The Do Not Call Registry, initiated in 2003, has been widely acclaimed for allowing Americans to eat their suppers in peace. Some 150 million people have listed their phones on the registry, which prohibits calls from telemarketers.
"I remember times we just used to take our phones off the hook," said Rep. Mike Doyle, D-Pa., a leader on the issue, recalling pre-registry days.
"Consumers without exception hate the annoyance of intrusive telemarketer calls at dinnertime," said Chris Murray, senior counsel for Consumers Union. "When nearly every American household has taken the time to register, that says something really strong."
Rep. Michael Burgess, R-Texas, put it in political terms: "With a 10% approval rating it is incumbent upon us to continue to pass legislation that is indeed popular."
The House passed by voice vote and sent to the president a bill to make permanent the authority of the Federal Trade Commission to collect fees to run the program. "My legislation keeps the program free, simple and effective for consumers," said Sen. Mark Pryor, D-Ark., sponsor of the Senate bill.
Telemarketers pay annual fees of up to $17,050 and must search the registry every month and drop from call lists the phone numbers of consumers who have registered.
The Congressional Budget Office said the fees will bring in $107 million over the next five years. Consumers can remove their numbers from the list at any time.
The Senate later approved by a voice vote and sent to the White House a bill, promoted by Sen. Byron Dorgan, D-N.D., to make the list permanent, overturning an FTC rule that people re-register their phone numbers every five years. The FTC reasoned that re-registering would update the list to account for people who move and switch their phone numbers. Critics argued that the list is already scrubbed each month of numbers that have been disconnected and reassigned to new customers.
David Certner, legislative policy director at AARP, said that some 50 million phone numbers could be dropped off the list in September without a change in a rule that most Americans are unaware of. The FTC has given assurances it would wait for congressional action before eliminating any numbers.
The AARP has been active on the issue from the beginning, Certner said, both because seniors are more susceptible to telemarketer fraud and may not have the mobility to answer repeated calls. "For some seniors these calls are more than just a minor inconvenience."
Violating the Do Not Call Registry subjects telemarketers to civil penalties up to $11,000 per violation. Last November the FTC announced nearly $7.7 million in settlements with six companies accused of calling people on the list.

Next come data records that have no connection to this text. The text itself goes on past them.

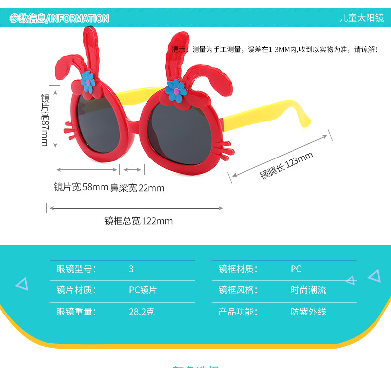어린이 안경 선글라스 어린 소녀 안티 자외선 만화 토끼 선글라스 소녀 아기 패션 차양 선 스크린
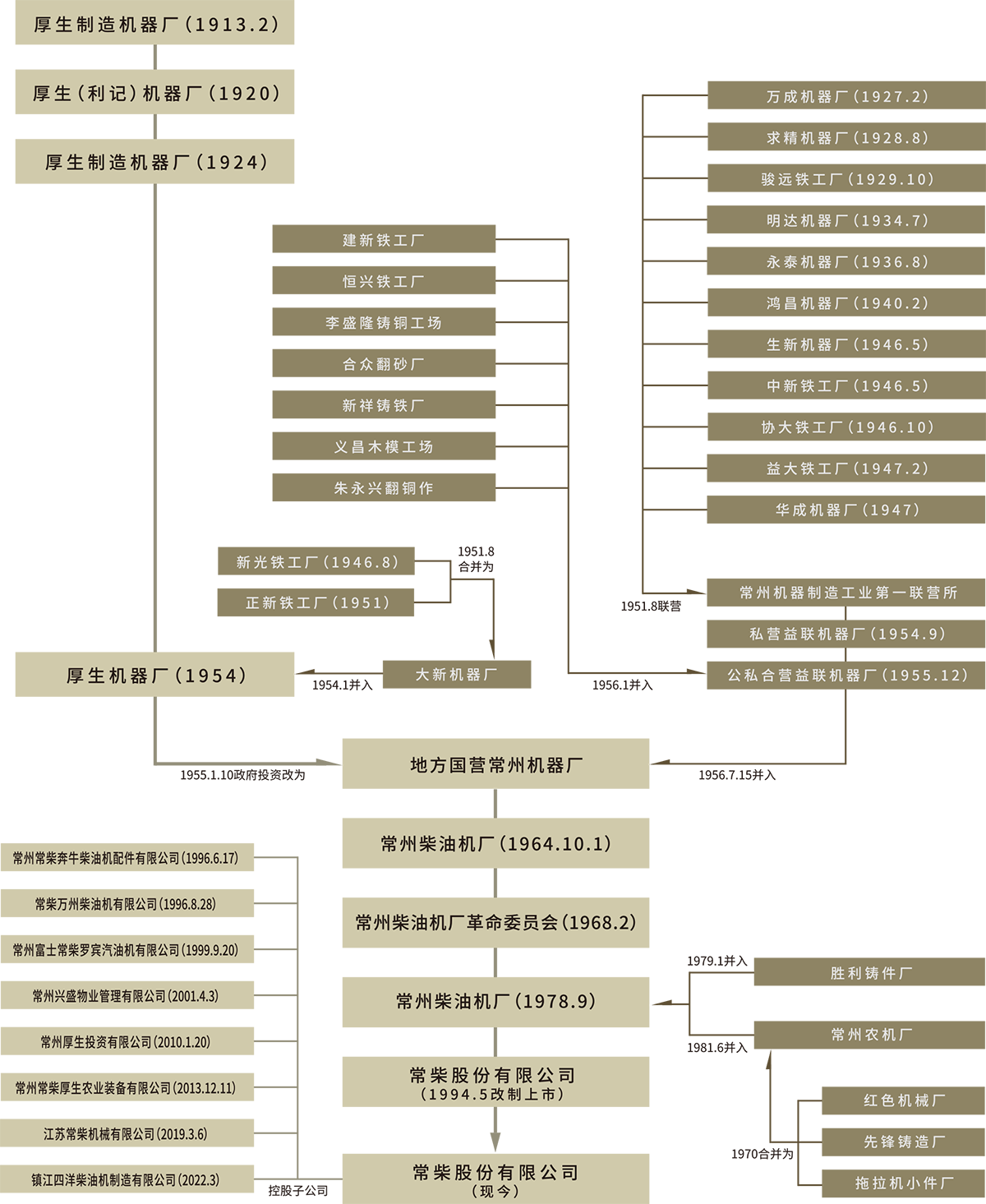 1913年2月,常柴前身企業(yè)厚生制造機器廠由常州民族企業(yè)家奚九如先生憑借愛國的熱情和良知,以實業(yè)救國為宗旨、以振興民族經(jīng)濟為己任而創(chuàng)立,這是常州地區(qū)第一家機械工廠,也是中國最早的內(nèi)燃機專業(yè)制造商之一。當年厚生廠仿造成功出8馬力火油發(fā)動機。
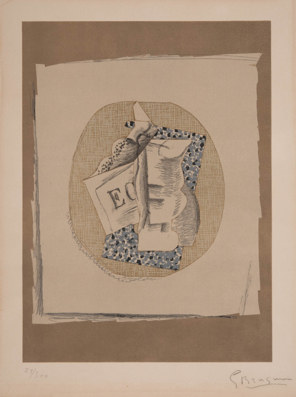 George Braque (1882 - 1963) Verre et Journal, 1963;Litografia a col. su carta, 44 x 33 cm,
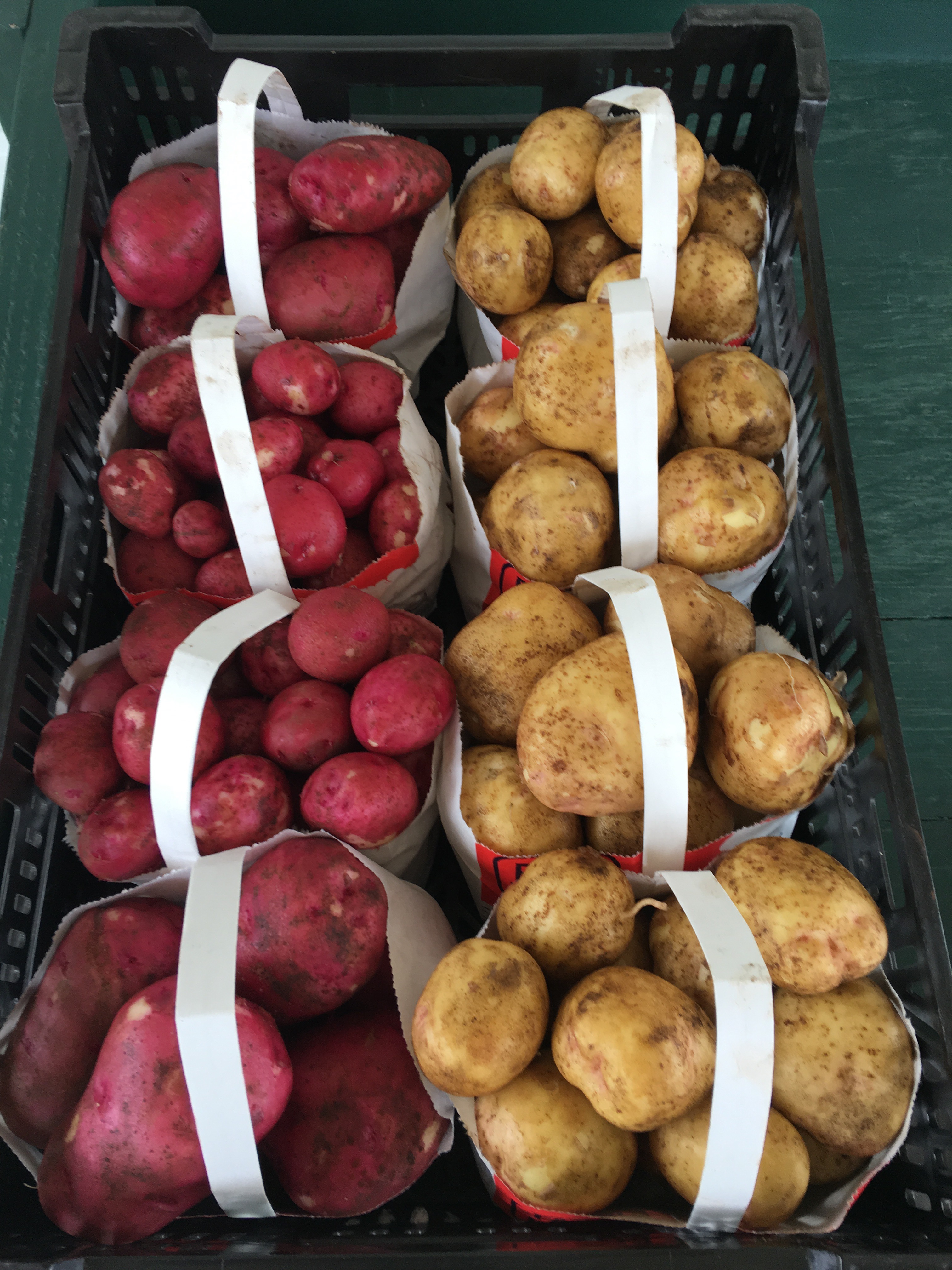 We grow both Yukon Gold and a red variety and sell them in 4lb. bags.
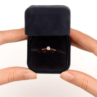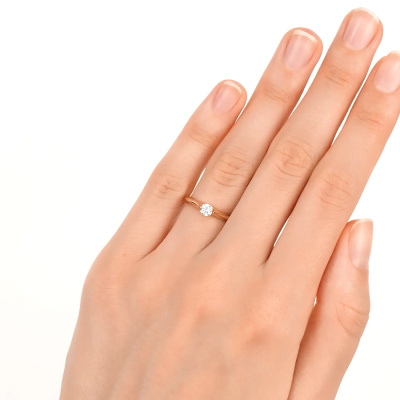 Кольцо с 1 бриллиантом природным, 0.2 карат, огранка круг 57 граней, цвет 3, чистота 6, тип огранки А; Розовое золото 585 пробы.
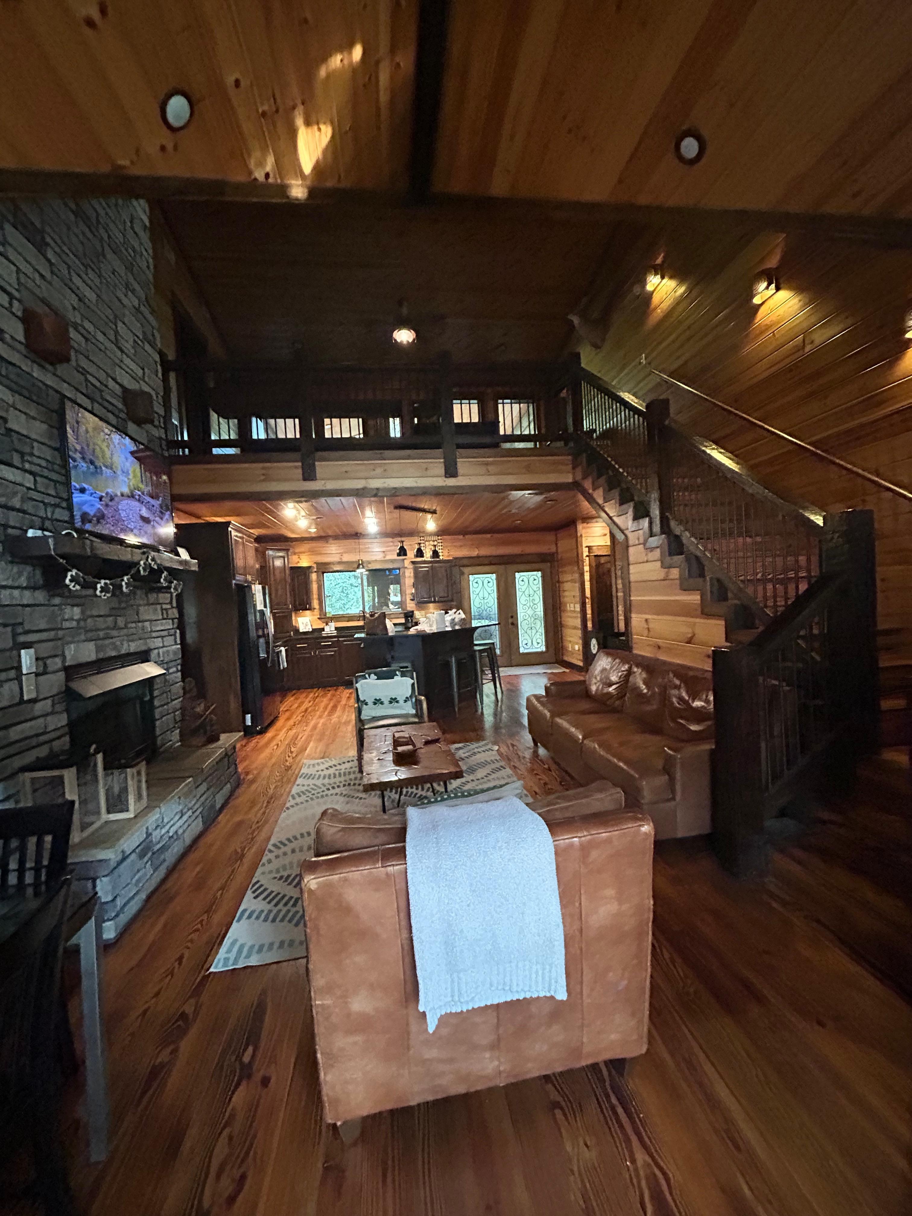 Walking up to the cabin you will take in the gorgeous wrapping deck with comfy spaces to enjoy your morning coffee or afternoon quiet time. When you enter the front of the cabin, you are welcomed by warm wood and open spaces, incredible light, and comfortable places to settle in and relax. The great room has spectacular floor-to-ceiling windows which bring the outside in, as you enjoy views of nature and the mature pine forest that surrounds. Get cozy watching a movie on the 55" mounted TV or just enjoy watching the gas-lit fireplace flicker below as you start to unwind.
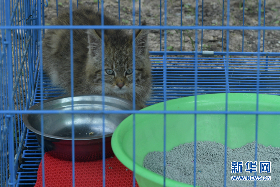 圖為祁連山國(guó)家公園青海片區(qū)野生動(dòng)物救護(hù)繁育中心內(nèi)救助的荒漠貓。新華網(wǎng) 卡婭梅朵 攝
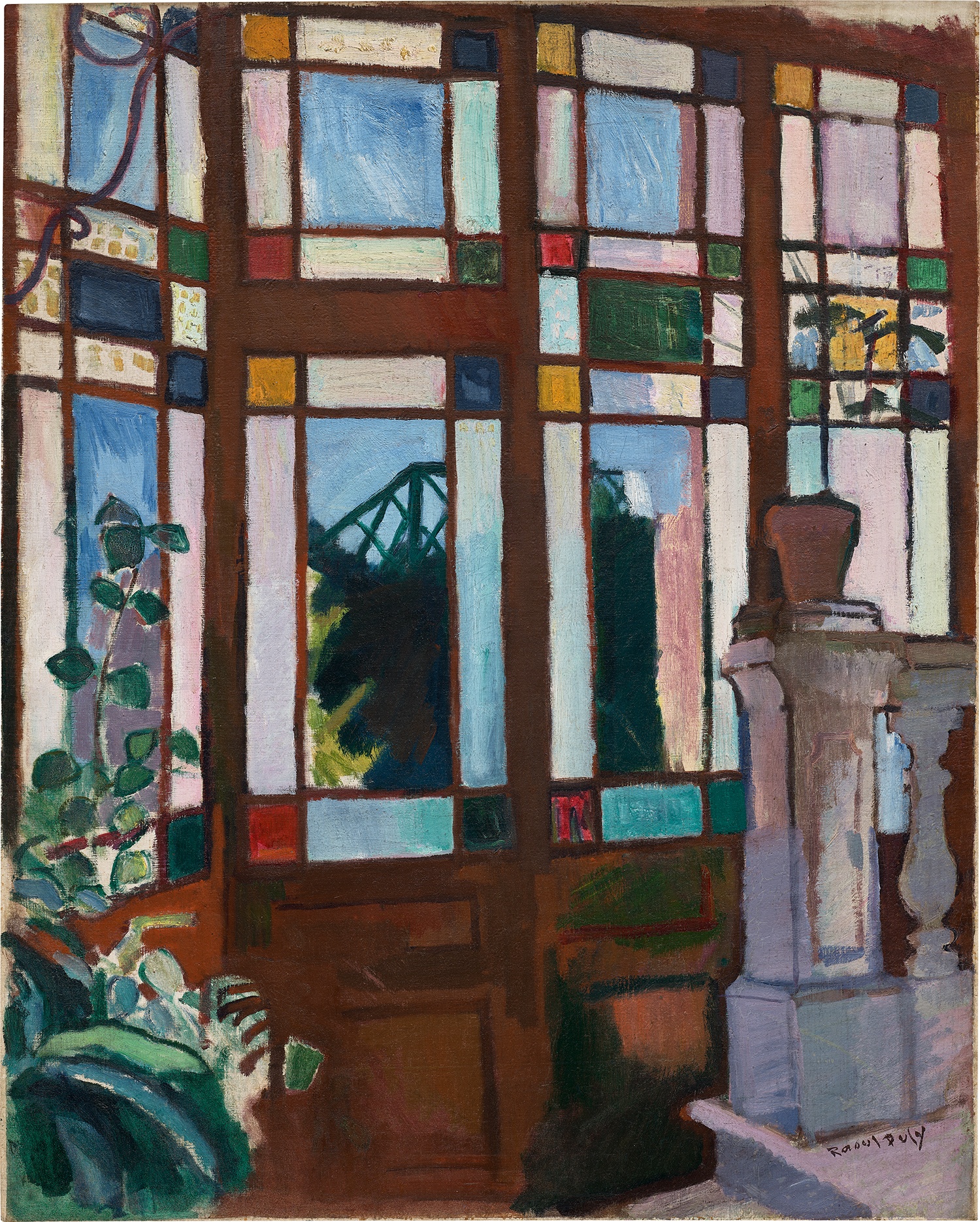 A vibrant and dynamic composition painted in 1907, this oil on canvas by Raoul Dufy depicts a window with colored panes of glass, capturing the interplay of light and hue filtering through the translucent surfaces. Created during a period when Dufy was deeply influenced by Fauvism, the work showcases bold, expressive brushwork and a rich, jewel-toned palette. The window motif serves as a framing device that transforms ordinary domestic space into a celebration of pure color and luminous intensity.

In all, said Rep. Cliff Stearns, R-Fla., sponsor of the House's fee extension bill, the FTC has collected $25 million in civil penalties and relief for consumers.
Organizations engaged in charitable, political and survey work are exempt from the restrictions. Also, companies that have an established business relationship with a customer may call for up to 18 months after the last purchase, payment or delivery.